At 340-350W on gradients of 4-6% with some bits at 8-10% you should be fine then. The attacks happen on the last two (known as Chappies and Suikerbossie). Race time is about 2:55 - 3:05 depending on weather conditions. You’ll be expected to average about 40km/h for the first hour (Simons Town water table is the benchmark in 1 hour or less to finish race in in 3 hours). that means averaging +/- 36Km/h which you state you can do.

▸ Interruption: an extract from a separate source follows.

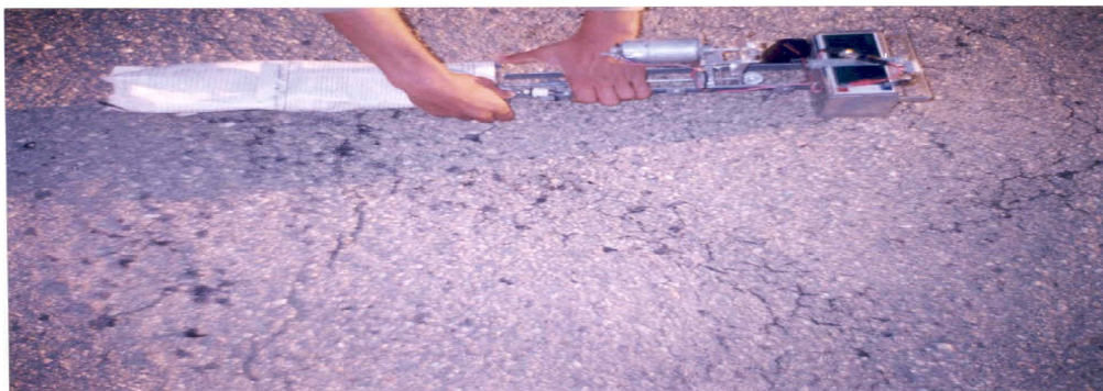
شکل ۳: آماده‌سازي براي استريل کردن قطعه پايين رونده

The GPX file can be downloaded from anyone who’s done the event. I’d recommend following Gary Beneke (ex Pro) who is in the top 10 at almost every race he does and wins many of them. He rides in Dimension Data kit (is friends with the ex Chairman of Di-Data).
The activity below was his 2019 ride.

The 2019 year race results can be found here (the group prefix is & and is mixed with riders of all ages but similar abilitiess):

As far as training for the next 5 weeks, I’d use the GPX file to create a Zwift workout and ride parts of the course. As Joe Friel says often, the close you get to your goal event the more you should train like your event.

Below are the race efforts from the GPX file. You can see the zone distribution (bottom right) it is mostly on the climbs. I’ve prescribed VO2 and AC sprints for the local athlete I’m coaching. His weakness/limiter is 4-8 minutes at close to Z5 power. He just can’t hold it long enough and is dropped 3/4 of the way up the climbs.

I can’t upload the GPX file here, but if you want it, I can share it in a Google shared folder, both the GPX file as well as ZWO.

That’s really helpful, thanks. The race strategy tips are a bonus! I will definitely add some high intensity work and also try to acclimate to higher temperatures. It’s very cold Toronto!